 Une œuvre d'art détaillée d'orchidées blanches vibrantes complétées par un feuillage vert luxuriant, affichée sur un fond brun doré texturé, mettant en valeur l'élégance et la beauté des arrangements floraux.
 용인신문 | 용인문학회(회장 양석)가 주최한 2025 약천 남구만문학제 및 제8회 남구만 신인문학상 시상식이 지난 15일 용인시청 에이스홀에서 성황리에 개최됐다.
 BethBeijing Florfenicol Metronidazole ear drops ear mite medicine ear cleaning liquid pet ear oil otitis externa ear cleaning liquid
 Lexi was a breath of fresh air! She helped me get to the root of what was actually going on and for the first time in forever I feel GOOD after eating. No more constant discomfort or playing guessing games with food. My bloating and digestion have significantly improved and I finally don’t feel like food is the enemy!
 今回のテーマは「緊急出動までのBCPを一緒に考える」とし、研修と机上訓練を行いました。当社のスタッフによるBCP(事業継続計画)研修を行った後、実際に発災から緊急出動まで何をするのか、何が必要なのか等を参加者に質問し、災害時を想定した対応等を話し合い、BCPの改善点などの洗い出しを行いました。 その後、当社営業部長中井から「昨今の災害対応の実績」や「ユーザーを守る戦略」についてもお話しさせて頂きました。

═══

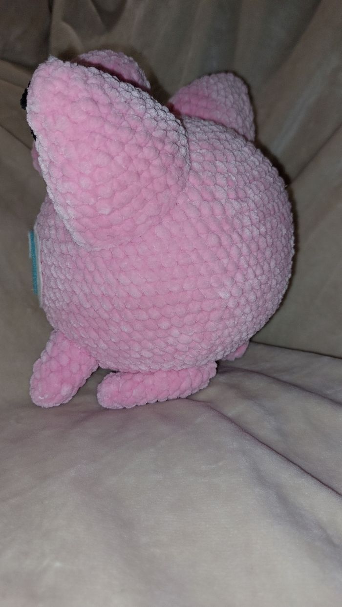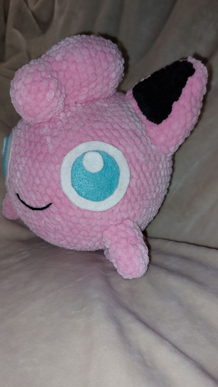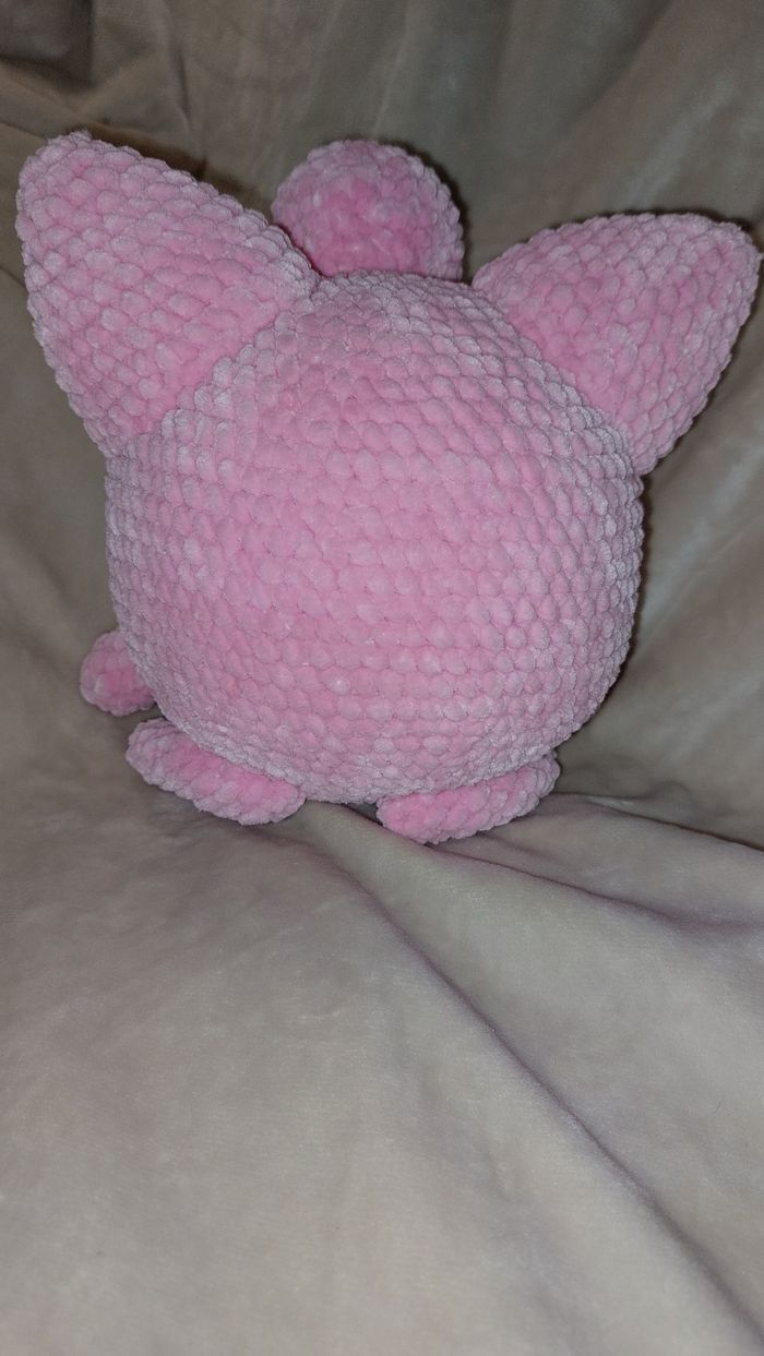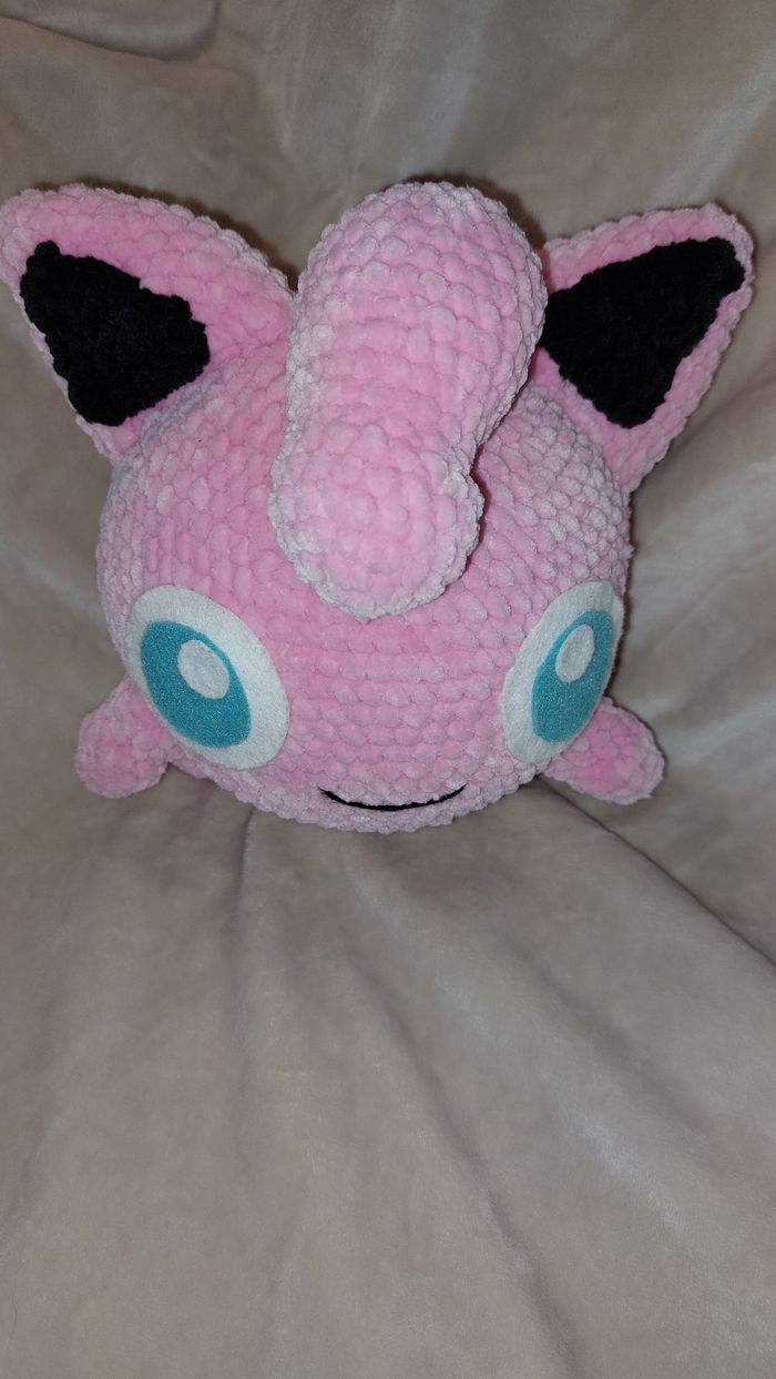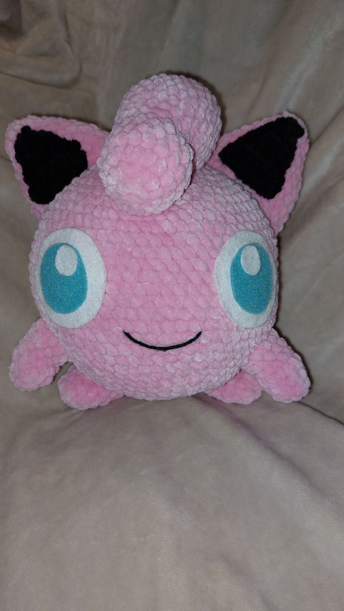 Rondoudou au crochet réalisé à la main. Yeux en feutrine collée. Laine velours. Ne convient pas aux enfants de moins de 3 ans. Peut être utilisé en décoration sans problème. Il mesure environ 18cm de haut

═══

THE TASK: Among the records above, only the lines between the line holding "Une œuvre d'art" and the line holding "今回のテーマは「緊急出動まで", inclusive, are to be output, exactly as written.

EXPECTED ANSWER:
 Une œuvre d'art détaillée d'orchidées blanches vibrantes complétées par un feuillage vert luxuriant, affichée sur un fond brun doré texturé, mettant en valeur l'élégance et la beauté des arrangements floraux.
 용인신문 | 용인문학회(회장 양석)가 주최한 2025 약천 남구만문학제 및 제8회 남구만 신인문학상 시상식이 지난 15일 용인시청 에이스홀에서 성황리에 개최됐다.
 BethBeijing Florfenicol Metronidazole ear drops ear mite medicine ear cleaning liquid pet ear oil otitis externa ear cleaning liquid
 Lexi was a breath of fresh air! She helped me get to the root of what was actually going on and for the first time in forever I feel GOOD after eating. No more constant discomfort or playing guessing games with food. My bloating and digestion have significantly improved and I finally don’t feel like food is the enemy!
 今回のテーマは「緊急出動までのBCPを一緒に考える」とし、研修と机上訓練を行いました。当社のスタッフによるBCP(事業継続計画)研修を行った後、実際に発災から緊急出動まで何をするのか、何が必要なのか等を参加者に質問し、災害時を想定した対応等を話し合い、BCPの改善点などの洗い出しを行いました。 その後、当社営業部長中井から「昨今の災害対応の実績」や「ユーザーを守る戦略」についてもお話しさせて頂きました。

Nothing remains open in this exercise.